O tamanho considerável (até 6 nm de diâmetro) (6) dos liposomas multilamelares constituía uma desvantagem, aumentando o potencial de embolização do produto após infusão endovenosa. Para minimizar este risco, Tremblay et al (10) injetaram liposomas unilamelares (0,06 a 0,1 nm de diâmetro), contendo anfotericina B, em ratinhos com candidíase disseminada. As taxas de sobrevivência foram superiores às verificadas em animais tratados com anfotericina B convencional e as doses administradas superiores às toleráveis com o fármaco convencional. Szoka et al (11) demonstraram posteriormente que pequenos liposomas unilamelares , contendo anfotericina B, eram menos tóxicos do que vesículas maiores com a mesma composição; a menos tóxica das formulações testadas era constituída por uma proporção molar de 5:4 de fosfatidilcolina de ovo e colesterol, com um diâmetro de 0,06 a 0,14 nm.
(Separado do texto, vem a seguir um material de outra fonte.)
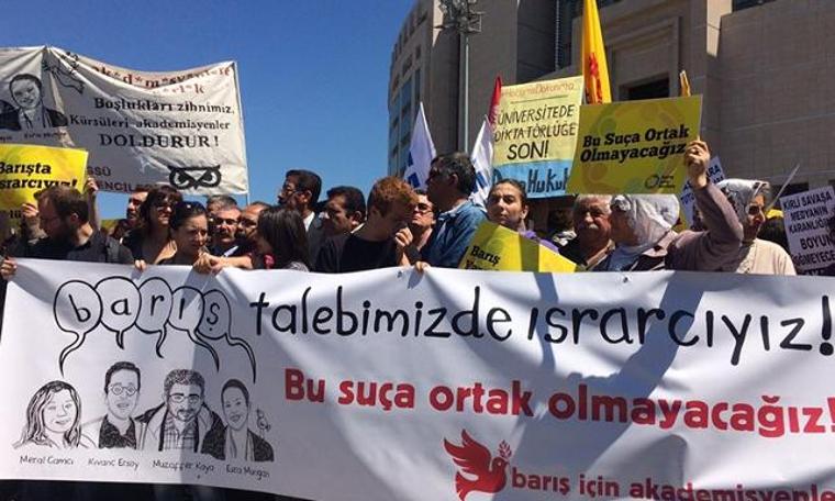 Almanya Demokratik Bilim İnsanları Birliği (BdWi), "Bu suça ortak olmayacağız" başlıklı bir bildiri imzalayan ve "terör örgütü propagandası" suçlamasıyla yargılanan akademisyenler için Almanya Dışişleri Bakanı'ndan destek istedi.

Em meados da década de 80, a NeXstar Pharmaceuticals, Inc., após vários anos de investigação em biotecnologia, convicta que o encapsulamento liposomal da anfotericina B era a melhor forma de aumentar a utilidade clínica deste importante agente antifúngico, iniciou então um programa de pesquisa e desenvolvimento, que culminou no desenvolvimento do Ambisome, uma preparação liposomal unilamelar, homogênea, altamente estável, com um perfil de segurança e eficácia que tem sido evidenciado em numerosos ensaios pré-clínicos e clínicos.